製作意図が全然分からない作品だ。この映画の中では何も描かれていないし、作者は何も描こうとしていない。すべてが空疎で、冴えない映像だけがダラダラと流れてゆく。1時間半ほどの上映時間ながら、とてつもなく長く感じられた。
主人公の初海は3年前の春に恋人を亡くし、それをきっかけに中学校の音楽教師を辞め、現在は近所のそば屋でアルバイトをしながら暮らしている。ある日、彼女のもとにかつての恋人の母親から、彼が彼女に向けて書き遺した手紙が届く。開封する勇気が持てないまま時間が過ぎるが、やがて勤務先のそば屋が店を畳むことになり、彼女は就職活動をする必要性に迫られる。すると、自分の世界に引き籠っていたそれまでの日常から、かつての教え子や友人、そして想いを寄せてくれる青年など、多彩な人間関係の中に身を置くことになる。
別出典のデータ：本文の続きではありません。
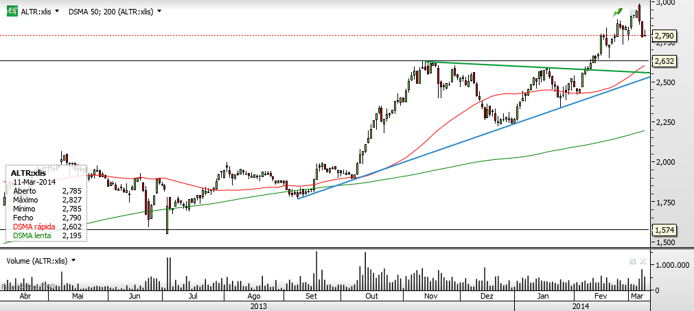 Cuidado, não será essa vela uma shooting star disfarçada? Eu continuo a achar que ela vai corrigir para valores próximos da projeção da LTA de longo prazo ali nos 2,6~2,63, o que será um belo ponto de entrada...

とにかく参ったのは、ヒロインとかつての恋人との関係が何も示されていないことだ。後半に初海が相手の実家がある富山県まで足を運び、そこで家族に歓待されるところを見ればどうやら婚約者あるいはそれに近い間柄だったことが窺えるが、具体的なことは一切描かれない。
彼がなぜ世を去ったのか、件の手紙の中身が開示される終盤に至ってもハッキリと分からないばかりか、どうして初海が教師を辞めなければならなかったのか判然としない。さらに言えば、それらを観客に想像させようとする仕掛けさえ存在しないのだ。
主人公を取り巻く人物たちは、誰一人としてキャラクターに血が通っていない。特に初海にモーションをかけてくる藤太郎およびその仲間の描写は、いったい何十年前の映画なのだろうかと思うほど古臭い。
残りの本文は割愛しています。